**Exercise brief:** The answer is to be an exact copy of the lines below running from the line with "If not equipped" down to the line with "Log in to Powerdrill", both ends included, and nothing more.

**Data supplied:**
########################################
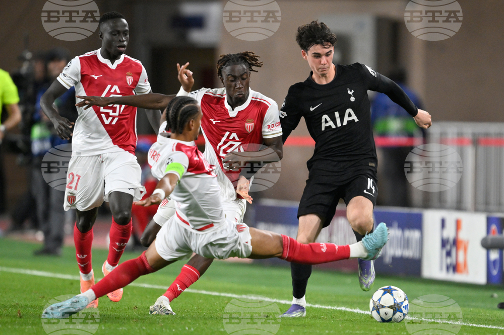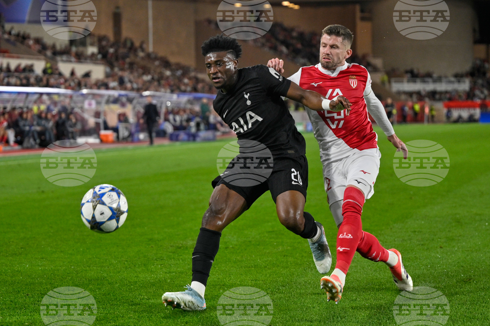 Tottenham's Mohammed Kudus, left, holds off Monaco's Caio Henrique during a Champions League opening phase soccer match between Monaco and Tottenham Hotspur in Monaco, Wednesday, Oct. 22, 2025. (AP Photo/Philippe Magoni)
########################################
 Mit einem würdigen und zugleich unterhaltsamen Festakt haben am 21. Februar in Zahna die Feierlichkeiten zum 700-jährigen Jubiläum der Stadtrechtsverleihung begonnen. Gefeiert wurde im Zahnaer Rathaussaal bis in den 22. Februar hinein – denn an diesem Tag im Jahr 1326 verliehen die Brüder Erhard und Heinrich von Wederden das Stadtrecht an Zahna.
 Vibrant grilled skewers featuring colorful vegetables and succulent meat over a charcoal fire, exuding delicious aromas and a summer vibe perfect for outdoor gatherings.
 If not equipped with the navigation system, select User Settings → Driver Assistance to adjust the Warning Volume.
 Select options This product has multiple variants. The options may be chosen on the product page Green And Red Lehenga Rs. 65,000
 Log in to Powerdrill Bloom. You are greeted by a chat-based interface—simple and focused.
########################################
**Solution:**
 If not equipped with the navigation system, select User Settings → Driver Assistance to adjust the Warning Volume.
 Select options This product has multiple variants. The options may be chosen on the product page Green And Red Lehenga Rs. 65,000
 Log in to Powerdrill Bloom. You are greeted by a chat-based interface—simple and focused.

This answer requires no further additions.